*Your instructions:*
Copy, word for word, the lines of the listing below from the line with "Phong độ gần đây Roma vs Verona" up to and including the line with "Il est ensuite". Drop the pictures.

*Data for analysis:*
┄┄┄┄┄┄
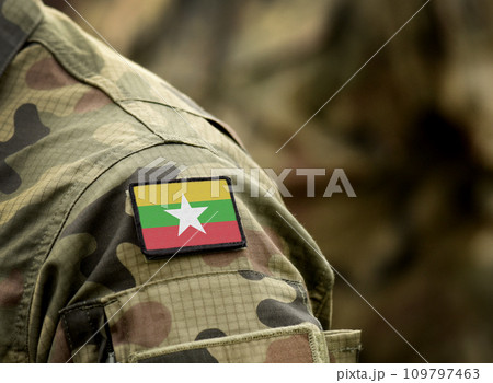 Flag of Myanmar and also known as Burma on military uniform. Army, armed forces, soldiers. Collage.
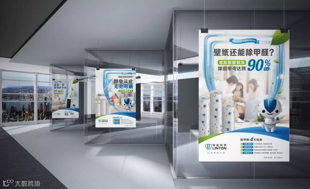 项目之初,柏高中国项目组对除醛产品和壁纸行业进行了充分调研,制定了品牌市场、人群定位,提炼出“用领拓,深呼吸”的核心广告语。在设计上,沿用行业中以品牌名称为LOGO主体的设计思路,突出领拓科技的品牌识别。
┄┄┄┄┄┄
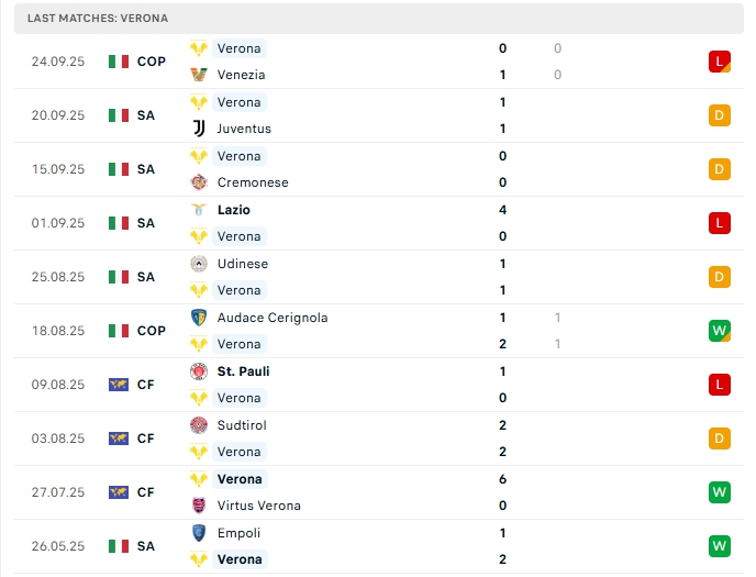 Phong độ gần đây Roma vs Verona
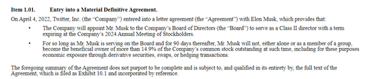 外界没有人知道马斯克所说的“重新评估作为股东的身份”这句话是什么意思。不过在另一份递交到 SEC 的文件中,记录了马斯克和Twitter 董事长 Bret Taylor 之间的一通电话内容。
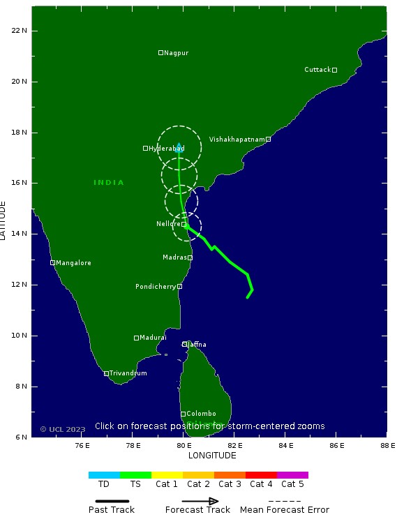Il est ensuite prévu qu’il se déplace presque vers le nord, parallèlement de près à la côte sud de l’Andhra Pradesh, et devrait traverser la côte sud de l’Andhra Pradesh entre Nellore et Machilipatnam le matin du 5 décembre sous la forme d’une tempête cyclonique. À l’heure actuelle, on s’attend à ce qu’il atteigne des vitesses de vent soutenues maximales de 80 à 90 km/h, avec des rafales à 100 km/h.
┄┄┄┄┄┄
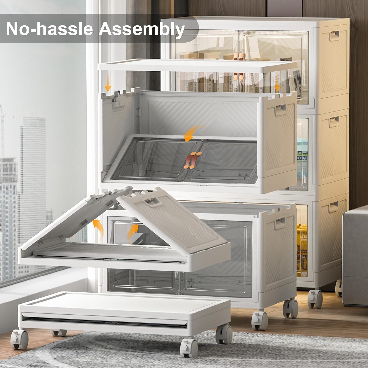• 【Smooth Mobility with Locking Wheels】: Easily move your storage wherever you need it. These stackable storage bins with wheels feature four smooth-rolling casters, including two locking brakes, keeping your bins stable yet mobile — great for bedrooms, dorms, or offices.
┄┄┄┄┄┄
*Output of the exercise:*
 Phong độ gần đây Roma vs Verona
 外界没有人知道马斯克所说的“重新评估作为股东的身份”这句话是什么意思。不过在另一份递交到 SEC 的文件中,记录了马斯克和Twitter 董事长 Bret Taylor 之间的一通电话内容。
Il est ensuite prévu qu’il se déplace presque vers le nord, parallèlement de près à la côte sud de l’Andhra Pradesh, et devrait traverser la côte sud de l’Andhra Pradesh entre Nellore et Machilipatnam le matin du 5 décembre sous la forme d’une tempête cyclonique. À l’heure actuelle, on s’attend à ce qu’il atteigne des vitesses de vent soutenues maximales de 80 à 90 km/h, avec des rafales à 100 km/h.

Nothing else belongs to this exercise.